PLOS Biology vows to offer a platform to shed light on inequalities, racism, and other discrimination that minorities and/or marginalized populations grapple with. Toward that end, this issue features a Perspective by Leo Chan Gaskins and Craig McClain proposing a novel solution for transgender authors to change their published names [1] and an Essay by Robinson Fulweiler, Sarah Davies, and other scientist mothers from different backgrounds and career stages that outlines how the Coronavirus disease 2019 (COVID-19) has exacerbated the inequalities that mothers in academia have long endured [2]. As Gaskins and McClain make clear, even when publishers like PLOS commit to updating authors’ names, the reality of approaching every publisher, which may or may not honor the request, places a disproportionate burden on transgender researchers. Invisible name changes, ideally propagated automatically through a centralized mechanism, would be a matter of dignity for trans researchers, they argue. “This would prevent their own publication record from outing them without their consent. A single, centralized name change request through ORCID iD would alleviate the burden of changing each publication individually.” Fulweiler, Davies, and colleagues highlight that “women scientists who are parenting while also engaging in a combination of academic-related duties are falling behind.” What’s more, the pandemic has created additional disparities for mothers of color. They recommend strategies that will ultimately benefit many groups by breaking free from old norms and could redress the problems that mothers in science face well beyond the current pandemic. “Rather than rebuilding what we once knew,” they write, “let us be the architects of a new world.”

Inclusivity in publishing also requires addressing the existing economic hurdles to publication and access to the published literature. To make selective open access more inclusive, equitable, and sustainable, PLOS Biology and PLOS Medicine are pioneering a collective action publishing model, PLOS Community Action Publishing (CAP). CAP is designed to protect authors from the rising costs of selectivity by equitably shifting publishing costs from authors to the institutions of both corresponding and contributing authors, and redistributing any revenue beyond the target back to community members. All Research4Life countries will automatically be members of the collective at no cost to them, so researchers in those countries will never be subject to fees, and authors based elsewhere and unable to pay nonmember fees can continue to apply to the fee waiver programs offered by PLOS. With this model, PLOS aims to ultimately completely eliminate author fees.

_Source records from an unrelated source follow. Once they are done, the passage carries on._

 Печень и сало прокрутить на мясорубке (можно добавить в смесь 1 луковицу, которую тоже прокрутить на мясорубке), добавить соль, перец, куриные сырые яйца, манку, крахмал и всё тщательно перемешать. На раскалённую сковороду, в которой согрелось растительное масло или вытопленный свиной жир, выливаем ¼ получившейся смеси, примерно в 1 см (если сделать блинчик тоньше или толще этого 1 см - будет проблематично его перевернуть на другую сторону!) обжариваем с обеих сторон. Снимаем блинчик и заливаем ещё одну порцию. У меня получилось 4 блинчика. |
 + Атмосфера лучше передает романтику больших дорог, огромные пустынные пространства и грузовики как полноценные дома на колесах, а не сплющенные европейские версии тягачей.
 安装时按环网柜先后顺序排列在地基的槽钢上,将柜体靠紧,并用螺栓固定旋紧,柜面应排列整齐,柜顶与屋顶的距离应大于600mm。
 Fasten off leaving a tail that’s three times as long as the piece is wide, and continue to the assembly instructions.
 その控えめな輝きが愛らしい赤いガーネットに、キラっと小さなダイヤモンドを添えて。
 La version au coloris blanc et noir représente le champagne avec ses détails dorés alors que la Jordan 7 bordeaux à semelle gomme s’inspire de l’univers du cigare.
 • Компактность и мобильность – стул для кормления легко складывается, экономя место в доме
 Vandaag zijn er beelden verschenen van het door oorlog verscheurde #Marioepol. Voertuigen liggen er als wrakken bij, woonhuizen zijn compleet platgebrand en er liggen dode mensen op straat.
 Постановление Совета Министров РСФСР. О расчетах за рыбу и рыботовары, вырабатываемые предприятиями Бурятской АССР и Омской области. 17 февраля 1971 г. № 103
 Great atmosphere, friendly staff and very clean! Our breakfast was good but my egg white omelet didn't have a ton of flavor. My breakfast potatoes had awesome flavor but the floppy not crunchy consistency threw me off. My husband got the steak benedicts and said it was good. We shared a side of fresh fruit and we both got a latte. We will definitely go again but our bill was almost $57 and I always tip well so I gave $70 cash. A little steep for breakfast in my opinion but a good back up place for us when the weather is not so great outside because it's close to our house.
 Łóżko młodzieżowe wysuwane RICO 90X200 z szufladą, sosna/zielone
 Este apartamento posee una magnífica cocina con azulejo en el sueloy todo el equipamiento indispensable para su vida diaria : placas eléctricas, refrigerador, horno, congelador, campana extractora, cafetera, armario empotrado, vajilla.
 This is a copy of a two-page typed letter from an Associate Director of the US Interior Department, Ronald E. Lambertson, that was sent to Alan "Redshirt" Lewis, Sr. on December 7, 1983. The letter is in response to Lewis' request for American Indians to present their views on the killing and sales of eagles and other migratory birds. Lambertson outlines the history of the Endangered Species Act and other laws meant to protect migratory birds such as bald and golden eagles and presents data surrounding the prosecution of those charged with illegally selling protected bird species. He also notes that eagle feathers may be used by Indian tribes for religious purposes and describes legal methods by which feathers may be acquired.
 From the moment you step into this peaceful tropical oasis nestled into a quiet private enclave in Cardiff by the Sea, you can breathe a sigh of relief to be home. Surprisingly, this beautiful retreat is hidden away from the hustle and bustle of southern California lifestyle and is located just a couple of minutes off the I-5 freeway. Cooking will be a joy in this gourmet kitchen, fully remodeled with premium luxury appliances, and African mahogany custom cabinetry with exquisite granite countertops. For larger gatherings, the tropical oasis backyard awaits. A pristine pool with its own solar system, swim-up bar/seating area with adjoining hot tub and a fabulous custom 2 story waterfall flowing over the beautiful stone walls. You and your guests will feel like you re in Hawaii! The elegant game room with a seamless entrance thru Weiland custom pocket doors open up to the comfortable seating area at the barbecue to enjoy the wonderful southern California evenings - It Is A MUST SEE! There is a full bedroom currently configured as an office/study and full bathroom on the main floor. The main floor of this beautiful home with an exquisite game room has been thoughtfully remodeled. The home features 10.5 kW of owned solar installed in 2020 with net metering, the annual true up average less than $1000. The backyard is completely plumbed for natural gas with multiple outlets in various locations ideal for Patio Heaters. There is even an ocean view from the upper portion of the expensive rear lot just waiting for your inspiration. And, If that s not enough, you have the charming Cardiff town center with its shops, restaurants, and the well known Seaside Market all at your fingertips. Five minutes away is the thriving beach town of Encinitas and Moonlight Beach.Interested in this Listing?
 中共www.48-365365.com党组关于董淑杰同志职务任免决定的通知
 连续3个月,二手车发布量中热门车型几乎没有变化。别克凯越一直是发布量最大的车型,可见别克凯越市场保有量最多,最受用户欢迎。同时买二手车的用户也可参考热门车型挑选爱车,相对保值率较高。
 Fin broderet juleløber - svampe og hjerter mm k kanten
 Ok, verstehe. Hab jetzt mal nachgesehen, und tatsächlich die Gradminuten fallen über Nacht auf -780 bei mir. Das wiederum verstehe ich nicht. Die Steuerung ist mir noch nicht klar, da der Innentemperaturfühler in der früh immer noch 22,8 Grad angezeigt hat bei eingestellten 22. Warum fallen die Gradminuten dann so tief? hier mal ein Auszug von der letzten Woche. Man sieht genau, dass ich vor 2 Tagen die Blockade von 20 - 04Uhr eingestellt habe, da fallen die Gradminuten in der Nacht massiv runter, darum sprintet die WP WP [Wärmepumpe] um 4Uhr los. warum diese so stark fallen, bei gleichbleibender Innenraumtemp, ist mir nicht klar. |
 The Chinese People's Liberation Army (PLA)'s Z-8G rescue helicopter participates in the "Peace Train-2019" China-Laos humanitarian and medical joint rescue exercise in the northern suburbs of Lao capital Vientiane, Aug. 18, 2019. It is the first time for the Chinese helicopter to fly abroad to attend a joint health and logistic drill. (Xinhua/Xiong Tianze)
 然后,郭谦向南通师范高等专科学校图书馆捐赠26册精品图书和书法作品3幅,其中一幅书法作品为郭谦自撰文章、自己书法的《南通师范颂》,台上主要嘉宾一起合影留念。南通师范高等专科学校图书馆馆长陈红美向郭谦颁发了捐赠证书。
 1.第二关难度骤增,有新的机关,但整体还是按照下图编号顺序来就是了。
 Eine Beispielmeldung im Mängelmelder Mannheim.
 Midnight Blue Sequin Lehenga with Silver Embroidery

Clearly, scientific journals cannot single-handedly reshape the deeply embedded social forces that perpetuate racism, discrimination, and inequality in science. But they can monitor the effects of lack of diversity in the scientific community and ensure that they don’t perpetuate inequities by actively reducing the overwhelming homogeneity of their staffs, editorial boards, authors, and reviewers. They can expose the many challenges marginalized groups continue to face and showcase recommendations and policies that lay out paths to meaningful change. Many scientists entered their fields with the hope of understanding the way the world works to make it a better place. It’s time for academics to leave the comfort of the ivory tower, recognize that the same conditions that helped them get there are keeping others out, and join efforts to open the door to academic advancement for all.

References

  1. 1. Gaskins LC, McClain CR. Visible name changes promote inequity for transgender researchers. PLoS Biol. 2021;19(3):e3001104.
  2. 2. Fulweiler RW, Davies SW, Biddle JF, Burgin AJ, Cooperdock EH, Hanley TC, et al. Rebuild the Academy: Supporting academic mothers during COVID-19 and beyond. PLoS Biol. 2021;19(3):e3001100.